Cybercrime Gang Recruiting Botmasters for Large-Scale MiTM Attacks on American Banks

2012-10-04T16:15:30
ID THREATPOST:BF082EADC52F7AC9685188178007F9ED
Type threatpost
Reporter Michael Mimoso
Modified 2013-04-17T16:31:26

Description

A slew of major American banks, some already stressed by a stream of DDoS attacks carried out over the past 10 days, may soon have to brace themselves for a large-scale coordinated attack bent on pulling off fraudulent wire transfers.

RSA’s FraudAction research team has been monitoring underground chatter and has put together various clues to deduce that a cybercrime gang is actively recruiting up to 100 botmasters to participate in a complicated man-in-the-middle hijacking scam using a variant of the proprietary Gozi Trojan.

This is the first time a private cybercrime organization has recruited outsiders to participate in a financially motivated attack, said Mor Ahuvia, cybercrime communications specialist for RSA FraudAction. The attackers are promising their recruits a cut of the profits, and are requiring an initial investment in hardware and training in how to deploy the Gozi Prinimalka Trojan, Ahuvia added. Also, the gang will only share executable files with their partners, and will not give up the Trojan’s compilers, keeping the recruits dependent on the gang for updates

Generally, cybercrime gangs deploy as few as five individual botmasters to help in successful campaigns; with this kind of scale, banks could be facing up 30 times the number of compromised machines and fraudulent transfers, if the campaign is successful.

“This Trojan is not well known. This is not SpyEye or Citadel; it’s not available for everyone to buy,” Ahuvia said. “Security vendors and antivirus signatures are less likely to catch it or be familiar with it. It will be tricky for vendors to detect and block it. This gang is keeping a tight hold on the compiler. By only giving up executable files, they can control how any antivirus signatures are in the wild and keep unique signatures to a minimum.”

As many as 30 banks have been targeted, many of them well known and high profile, Ahuvia said. RSA said the gang is targeting American banks because of past success in beating their defenses, as well as a lack of two-factor authentication required for wire transfers.Some European banks, for example, require consumers to use two-factor authentication. She added that RSA FraudAction was unsure how far along the recruitment campaign had gone, or when the attacks would launch.

“There is the chance that once we’ve gone public, they may abandon their plans because there’s too much buzz around it,” Ahuvia said. “On the other hand, I don’t think anything we know will have such a dramatic effect on them.
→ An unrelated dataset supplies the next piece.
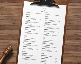 Large Menu Template Restaurant Menu Printable Menu Editable Menu
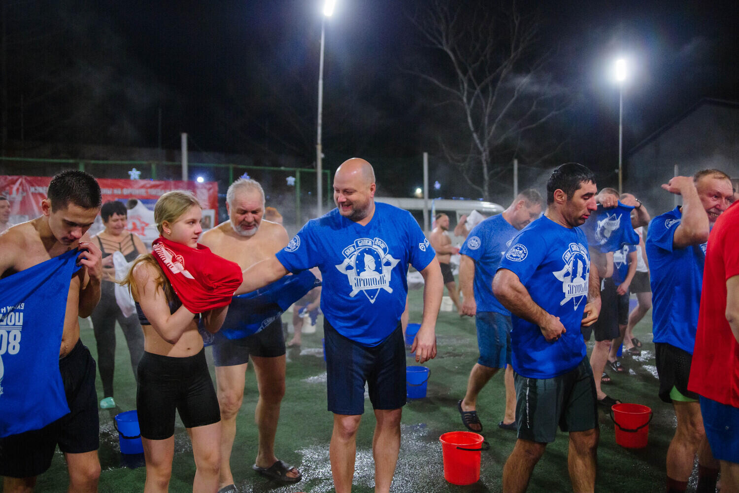 Бодрые и мегапозитивные хабаровчане массово облились холодной водой в – 12 градусов: фото

There are so many Trojans available and so many points of failure in security that could go wrong, that they’d still have some chance of success.”

RSA’s researchers were able to make the connection to the Gozi Prinimalka Trojan, which has been in circulation since 2008 and responsible for $5 million in fraud-related losses. Prinimalka is similar to the Gozi Trojan in technical and operational aspects, RSA said, leading to speculation the HangUp Team, which was tied to previous Gozi attacks, is behind this attack as well. Prinimalka is Russian for the word “receive” and is a folder name in every URL patch given by this particular gang to its crimeware servers.
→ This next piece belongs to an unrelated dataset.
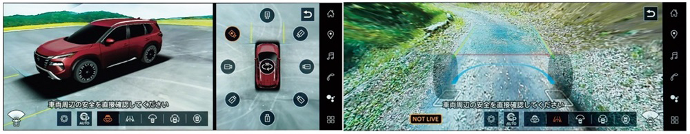 今回のマイナーチェンジでは、「3Dビュー」機能と「インビジブルフードビュー」機能を搭載した「インテリジェント アラウンドビューモニター」を日産として国内販売モデルに初採用しました。「3Dビュー」機能は、クルマの周囲360度を立体的に見ることが可能となり、ドライバーの死角をなくすことで、車両発進時の巻き込み防止など安全確認をサポートします。

Prinimalka uses the same bot-to-server communication pattern and URL trigger list as Gozi, RSA said. But deployment of the two Trojans is different: Gozi writes a single DLL file to bots upon deployment, while Prinimalka writes two, an executable file and a DAT file which reports to the command and control server.

Once the Trojan is launched, the botmaster fires up a virtual machine synching module. The module then duplicates the victim’s computer, including identifiable features such as time zone, screen resolution, cookies, browser type and version, and software identification, RSA said. This allows the botmaster to impersonate the victim’s machine and access their accounts. Access is carried out over a SOCKS proxy connection installed on the victim’s machine, RSA said.

The cloned virtual system then can move about on the genuine IP address of the compromised machine when accessing the bank website. Taking it a step further, the attackers deploy VoIP phone flooding software that will prevent the victim from receiving a confirmation call or text alerting them to unusual transfer activity, RSA said.

“They are looking for this to be a quick campaign,” Ahuvia said. “They want to make as much as they can until the banks and users harden their systems. They want to cash out quickly.”